Some subsurface notes from a week of diving
Lubomir I. Ivanov
neolit123 at gmail.com
Mon Mar 17 13:26:19 PDT 2014
On 17 March 2014 21:28, Thiago Macieira <thiago at macieira.org> wrote:
> Em seg 17 mar 2014, às 11:12:31, Linus Torvalds escreveu:
>> The compiler is allowed to assume that the *result* of the arithmetic is
>> not NULL, because pointer arithmetic is only well-defined if it stays
>> within an object, and that explains the offsetof thing you point to (since
>> that very much uses the result). Even then, a compiler that actually
>> miscompiles the traditional format is just crap.
>
> Indeed:
>
> struct D { int i; int j; };
> int f(struct D *d)
> {
> int *p = &d->j;
perfectly valid for d == NULL, even if not mentioned in the standard
and i seriously doubt it is.
the pointer d is just an address with a type, where j is just an
offset from that address based on the type (struct declaration).

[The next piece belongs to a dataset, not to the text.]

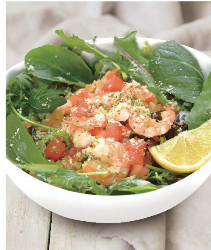
■ガーリックシュリンプサラダ 450円(税込495円)

the compiler has the offsets for a struct declarations in memory while
dealing with a source file and each time that struct type is
encountered it can potentially just geberate ADD instructions, e.g:
addl $4, %eax
where %eax previously holds the d argument, %eax now holds the address of j
C compilers do not check if &d is NULL, to my knowledge.
if it's the other way around it would basically limit the language,
because one can still do pointer arithmetic with *p even if equal to
0x4.
prone to programmer errors? yes.
> if (!p)
> return -1;
> return *p;
> }
>
> Clang 3.4 removes the check for !p. ICC 14.0 and GCC 4.9 don't.
>
quite bogus; i don't see why clang removes the check for !p.
if d is NULL then p cannot be NULL, because j it's not the first
element in the struct and it would be 0x4 or (&d + offset).
if (return *p;) is reached that's a definitive SIGSEGV later, because
that memory won't be accessible.
in that matter:
&some_func()->j
is also valid where some_func() returns (struct *D), but if the
address of the pointer is NULL:
&some_func()->j will still evaluate to 0x4.